### TASK TO COMPLETE
Excluding pictures, reproduce word for word the lines from the one containing "ENAMEL BLUE PITCHER  WELL" through the end of the material below.

### THE DATA
———

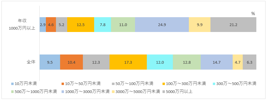 一方で3位には「100万~300万円未満」がランクイン。年収からするとかなり少ないが、年収1000万円になりたての若い人なのか、それとも有価証券をあまり持たないポリシーがあるのか、気になる結果だ。
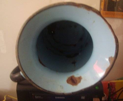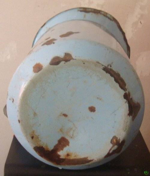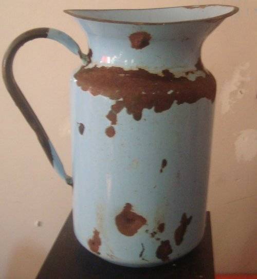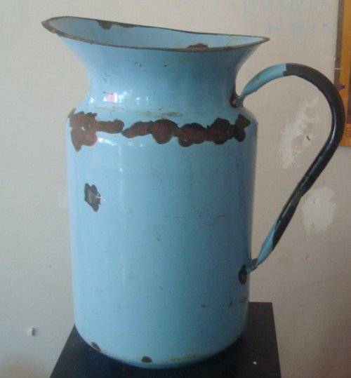 ENAMEL BLUE PITCHER  WELL USED WITH ENAMEL LOSS  ONE SMALL HOLE   SELLING AS IS  POSTAGE R60.00
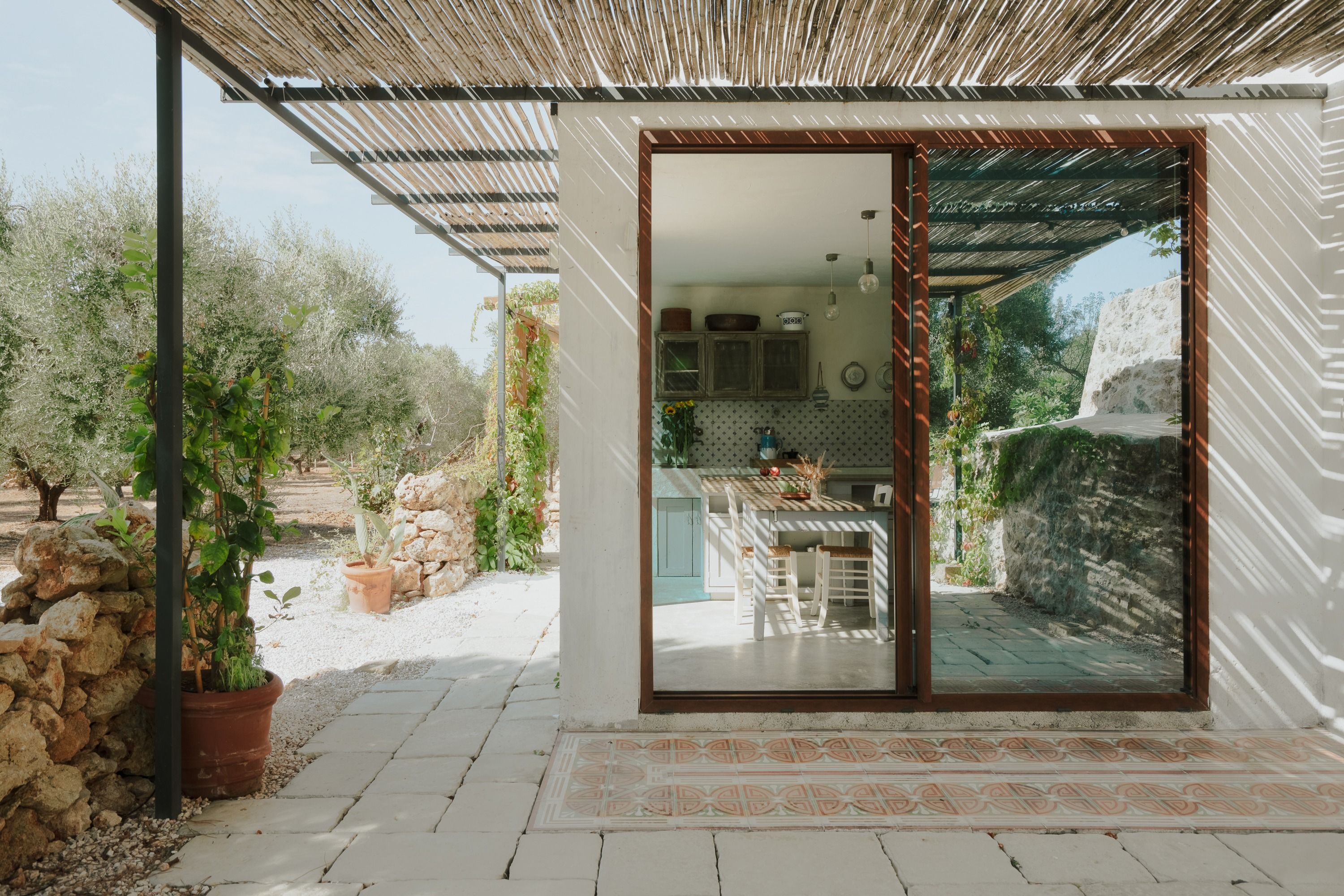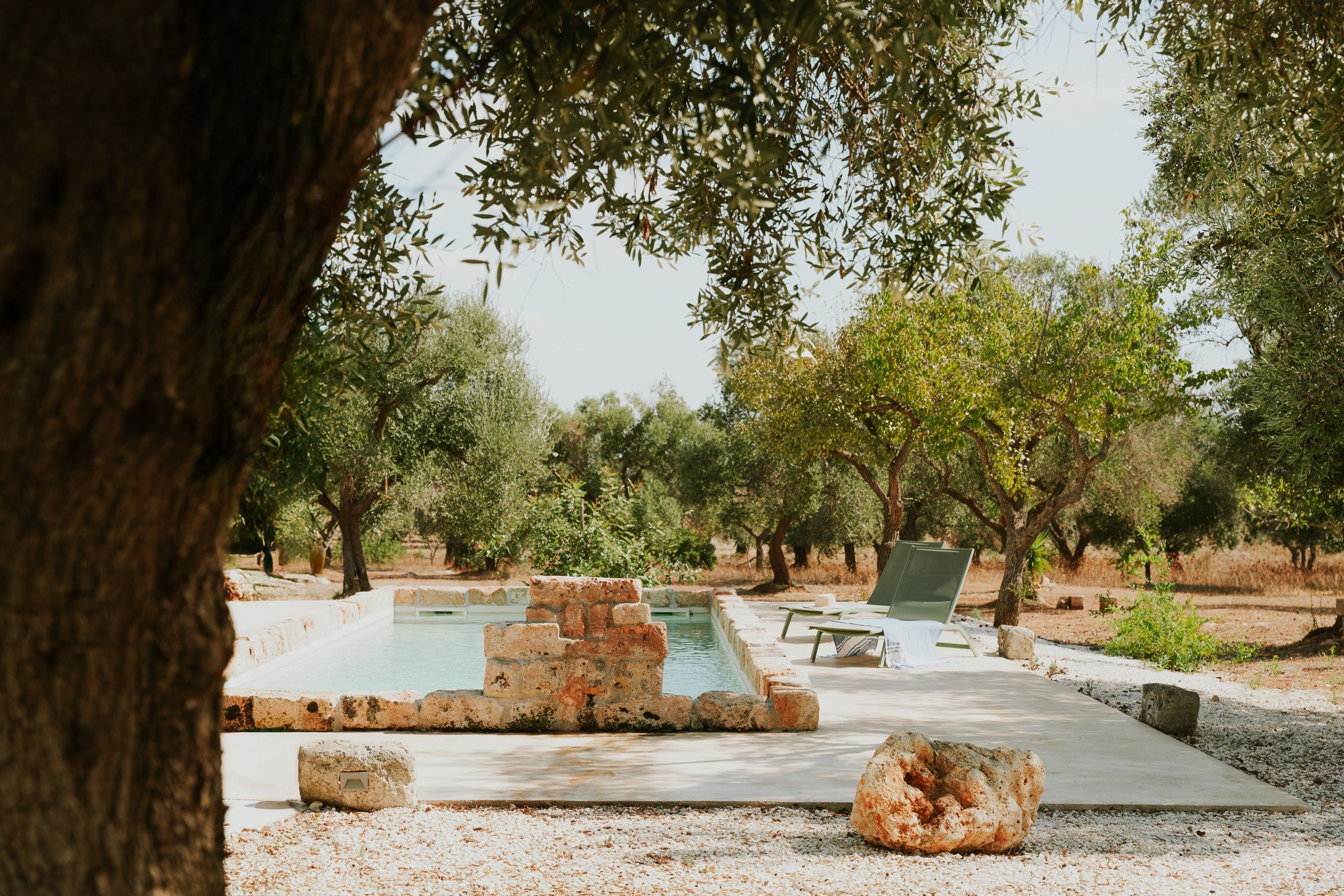 You're guaranteed a peaceful escape at this Puglian trullo. Surrounded by olive trees, the garden is a serene place to unwind, whether you're lounging by the pool or seated in the shade with an aperitif. Bring the outside in by sliding open the glass doors in the rustic kitchen – this also makes for seamless evening dining. All that glass is replaced by traditional stone in the living space and bedroom, where you can fall asleep under a traditional trullo conical roof. This part of Puglia is certainly off the tourist path, and when you're not relaxing at home, you can explore picturesque towns like Maruggio and unspoilt beaches along the coast.

———

### SOLUTION TO THE PROBLEM
 ENAMEL BLUE PITCHER  WELL USED WITH ENAMEL LOSS  ONE SMALL HOLE   SELLING AS IS  POSTAGE R60.00
 You're guaranteed a peaceful escape at this Puglian trullo. Surrounded by olive trees, the garden is a serene place to unwind, whether you're lounging by the pool or seated in the shade with an aperitif. Bring the outside in by sliding open the glass doors in the rustic kitchen – this also makes for seamless evening dining. All that glass is replaced by traditional stone in the living space and bedroom, where you can fall asleep under a traditional trullo conical roof. This part of Puglia is certainly off the tourist path, and when you're not relaxing at home, you can explore picturesque towns like Maruggio and unspoilt beaches along the coast.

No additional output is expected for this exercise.